他幹脆換了個話題,朝汪惠問道:
“對了,老姐姐,丘道友呢?”
“雲天宗的人,不是跟你們走了同一條路嗎?怎麽到現在還不見出來?”
荊朝光刻意拔高聲音,讓所有人都聽見。
此言一出,立刻引來了在場諸多人員的關注。
畢竟,張大川是因爲接受了古代大能的傳承,所以還沒出來;藥王杜仲是因爲跌落了深淵,生死不知;可雲天宗呢?

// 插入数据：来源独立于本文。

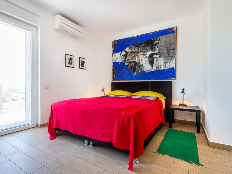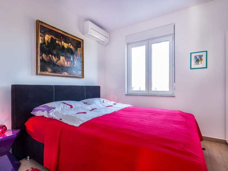 "Mirela (MDN157)", 4 rom halvpart av tomannsbolig 120 m2 på 2 etasjer. Moderne og stilfullt møbler: stue/spisestue med, satelit-TV (flatskjerms TV), air-conditioning. Utgang til terrassen. Åpent kjøkken (stekeovn, oppvaskmaskin, 4 keramiske kokeplater, brødrister, vannkoker, mikrobølgeovn, frys, elektrisk kaffemaskin). Dusj/WC. øverste etasje: 2 rom, hvert rom med 1 seng, 1 dobbeltseng og air-conditioning. Utgang til balkongen. 1 rom med, 1 dobbeltseng og air-conditioning. Dusj/WC. Varmluftsoppvarming. Balkong, terrasse. Terrassemøbler, balkongmøbler grill (flyttbar), liggestoler. Fasiliteter: vaskemaskin, barneseng. Internett (trådløs LAN [WLAN], gratis). Vennligst merk: røykfritt hus.

不僅是先天高手丘彥淮,副宗主尚書蘭,還有雲天宗的年輕天驕陸行舟,以及另外兩名武道宗師,一行五人,爲何一個都沒有出現?
面對數十道目光的注視,汪惠口中緩緩吐出了兩個字:
“死了!”
隻見她沉沉一歎,臉上流露出了一抹悲怆之色。
“包括丘道友在内,雲天宗一行三人,全都隕落在了那座深淵之上。”
話音未落,全場嘩然。
“連先天高手都死了?”
“怎麽會這樣?!”
“那試煉之地内竟然如此兇險嗎?算上藥神谷那位藥王,豈不是等于有兩尊先天強者都隕落其中?”
衆人一片震驚。
就連荊朝光與孔長風二人也微微變色,心驚不已。
“怎麽會這樣?”荊朝光驚道。
孔長風則是皺眉說:
“陸行舟貪心作祟,死在了那座堆滿了靈器與寶器的青瓦古殿之内。雲天宗那位副宗主雖然與我們走了一條路,但她隻跟我們走了沒多久,就突然消失了。”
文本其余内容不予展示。